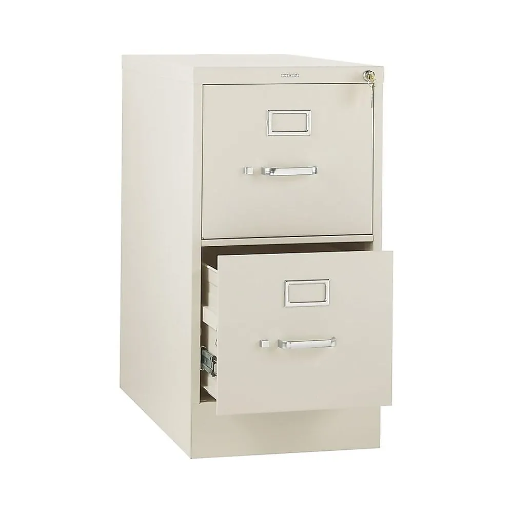 - Two-drawer vertical filing cabinet holds letter-size documents
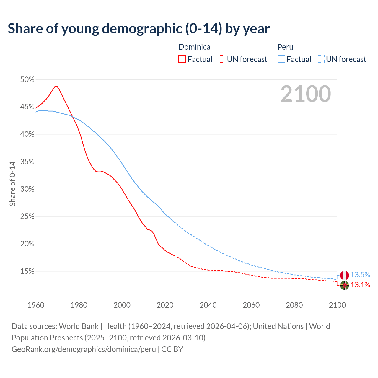 - The share of young demographic (0-15 years old) in Dominica is 17.9% vs 24% in Peru.
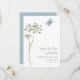 Elegant Butterfly Wildflower QR Code Blue Wedding. Minimalist elegance with this wildflower and blue butterfly design with dusty blue accents and background on the back. Easily personalise with your details. Add a QR code on the back for your guests to scan to visit your wedding website or delete the sample code if not required. Change the text and background colours if you wish to match your own wedding colour theme via the Edit further option.
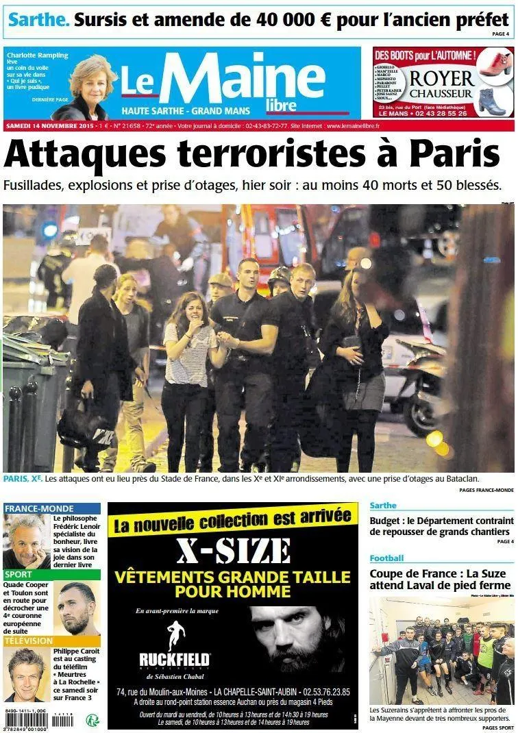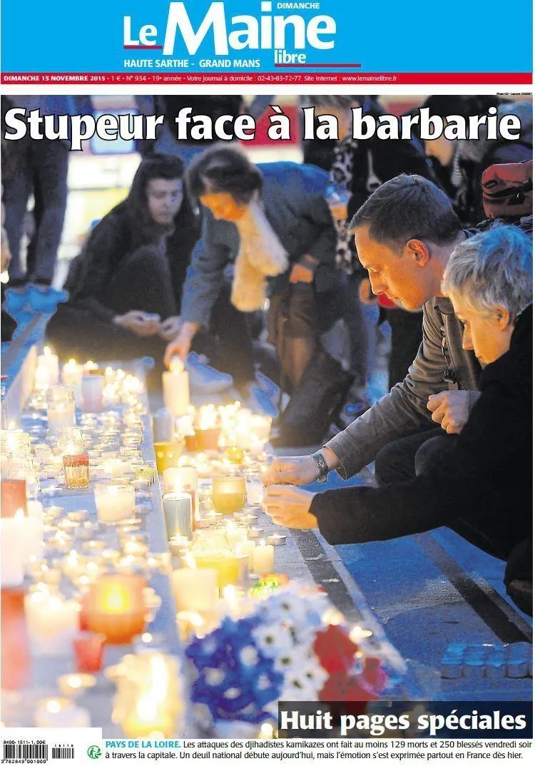 La une du samedi 14Â novembre 2015. Photo archives Le Maine Libre
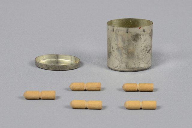 Boîte en métal de forme ovale avec cinq obus miniatures en bois.
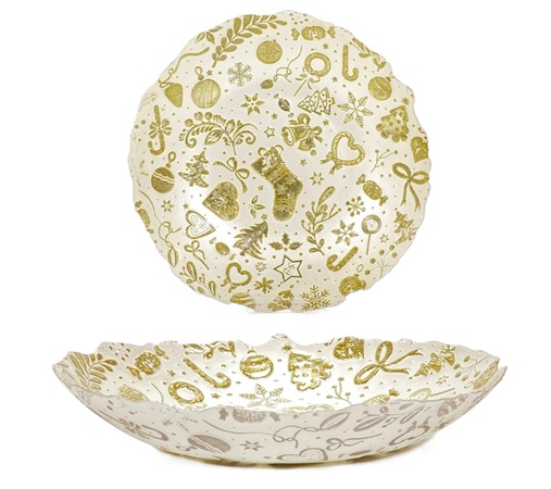 PRATO VIDRO 32CM DOURADO C/BRANCO 577507/33183

****************

What the exercise asks: The result should be every entry, word for word, and no pictures.

Output of the exercise:
 - Two-drawer vertical filing cabinet holds letter-size documents
 - The share of young demographic (0-15 years old) in Dominica is 17.9% vs 24% in Peru.
 Elegant Butterfly Wildflower QR Code Blue Wedding. Minimalist elegance with this wildflower and blue butterfly design with dusty blue accents and background on the back. Easily personalise with your details. Add a QR code on the back for your guests to scan to visit your wedding website or delete the sample code if not required. Change the text and background colours if you wish to match your own wedding colour theme via the Edit further option.
 La une du samedi 14Â novembre 2015. Photo archives Le Maine Libre
 Boîte en métal de forme ovale avec cinq obus miniatures en bois.
 PRATO VIDRO 32CM DOURADO C/BRANCO 577507/33183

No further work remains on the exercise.